In Python, you can implement wildcards using the regex (regular expressions) library.

The dot . character is used in place of the question mark ? symbol. Hence,​ to search for all words matching the color pattern, the code would look something like as follows.

# Regular expression library
import re

# Add or remove the words in this list to vary the results
wordlist = ["color", "colour", "work", "working",
            "fox", "worker", "working"]

for word in wordlist:
        # The . symbol is used in place of ? symbol
        if re.search('col.r', word) : 
                print (word)

Question 41: Implement merge sort in Python

Here is the code for merge sort in Python:

def mergeSort(myList):
    if len(myList) > 1:
        mid = len(myList) // 2
        left = myList[:mid]
        right = myList[mid:]

        # Recursive call on each half
        mergeSort(left)
        mergeSort(right)

        # Two iterators for traversing the two halves
        i = 0
        j = 0
        
        # Iterator for the main list
        k = 0
        
        while i < len(left) and j < len(right):
            if left[i] < right[j]:
              # The value from the left half has been used
              myList[k] = left[i]
              # Move the iterator forward
              i += 1
            else:
                myList[k] = right[j]
                j += 1
            # Move to the next slot
            k += 1

        # For all the remaining values
        while i < len(left):
            myList[k] = left[i]
            i += 1
            k += 1

        while j < len(right):
            myList[k]=right[j]
            j += 1
            k += 1

myList = [54,26,93,17,77,31,44,55,20]
mergeSort(myList)
print(myList)

Explanation

This is the recursive approach for implementing merge sort. The steps needed to obtain the sorted array through this method can be found below:

  1. The list is divided into left and right in each recursive call until two adjacent elements are obtained.

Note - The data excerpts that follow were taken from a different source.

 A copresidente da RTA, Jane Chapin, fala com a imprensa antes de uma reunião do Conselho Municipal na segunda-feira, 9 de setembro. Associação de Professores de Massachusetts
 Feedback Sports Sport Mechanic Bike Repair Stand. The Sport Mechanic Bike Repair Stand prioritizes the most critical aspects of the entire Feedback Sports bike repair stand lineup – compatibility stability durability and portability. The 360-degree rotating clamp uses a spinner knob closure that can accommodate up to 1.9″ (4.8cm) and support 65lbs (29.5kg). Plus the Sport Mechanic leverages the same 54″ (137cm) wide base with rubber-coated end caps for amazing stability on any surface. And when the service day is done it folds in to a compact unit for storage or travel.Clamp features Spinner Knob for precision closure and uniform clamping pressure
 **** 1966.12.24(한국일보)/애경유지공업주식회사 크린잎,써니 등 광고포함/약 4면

  2. Now begins the sorting process. The i and j iterators traverse the two halves in each call. The k iterator traverses the whole lists and makes changes along the way.

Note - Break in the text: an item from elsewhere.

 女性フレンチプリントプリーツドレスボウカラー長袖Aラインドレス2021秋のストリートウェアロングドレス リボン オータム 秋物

  3. If the value at i is smaller than the value at j, left[i] is assigned to the myList[k] slot and i is incremented. If not, then right[j] is chosen.

  4. This way, the values being assigned through k are all sorted.

  5. At the end of this loop, one of the halves may not have been traversed completely. Its values are simply assigned to the remaining slots in the list.

Time complexity

The algorithm works in O(n.logn). This is because the list is being split in log(n) calls and the merging process takes linear time in each call.


Question 42: Implement Dijkstra’s algorithm in Python

Basic algorithm

  1. From each of the unvisited vertices, choose the vertex with the smallest distance and visit it.
  2. Update the distance for each neighboring vertex, of the visited vertex, whose current distance is greater than its sum and the weight of the edge between them.
  3. Repeat steps 1 and 2 until all the vertices are visited.

For more on Python algorithms for coding interviews, check out our article Master Algorithms with Python for Coding Interviews

Here’s the implementation

import sys

# Function to find out which of the unvisited node 
# needs to be visited next
def to_be_visited():
  global visited_and_distance
  v = -10
  # Choosing the vertex with the minimum distance
  for index in range(number_of_vertices):
    if visited_and_distance[index][0] == 0 \
      and (v < 0 or visited_and_distance[index][1] <= \
      visited_and_distance[v][1]):
        v = index
  return v

# Creating the graph as an adjacency matrix
vertices = [[0, 1, 1, 0],
            [0, 0, 1, 0],
            [0, 0, 0, 1],
            [0, 0, 0, 0]]
edges =  [[0, 3, 4, 0],
          [0, 0, 0.5, 0],
          [0, 0, 0, 1],
          [0, 0, 0, 0]]

number_of_vertices = len(vertices[0])

# The first element of the lists inside visited_and_distance 
# denotes if the vertex has been visited.
# The second element of the lists inside the visited_and_distance 
# denotes the distance from the source.
visited_and_distance = [[0, 0]]
for i in range(number_of_vertices-1):
  visited_and_distance.append([0, sys.maxsize])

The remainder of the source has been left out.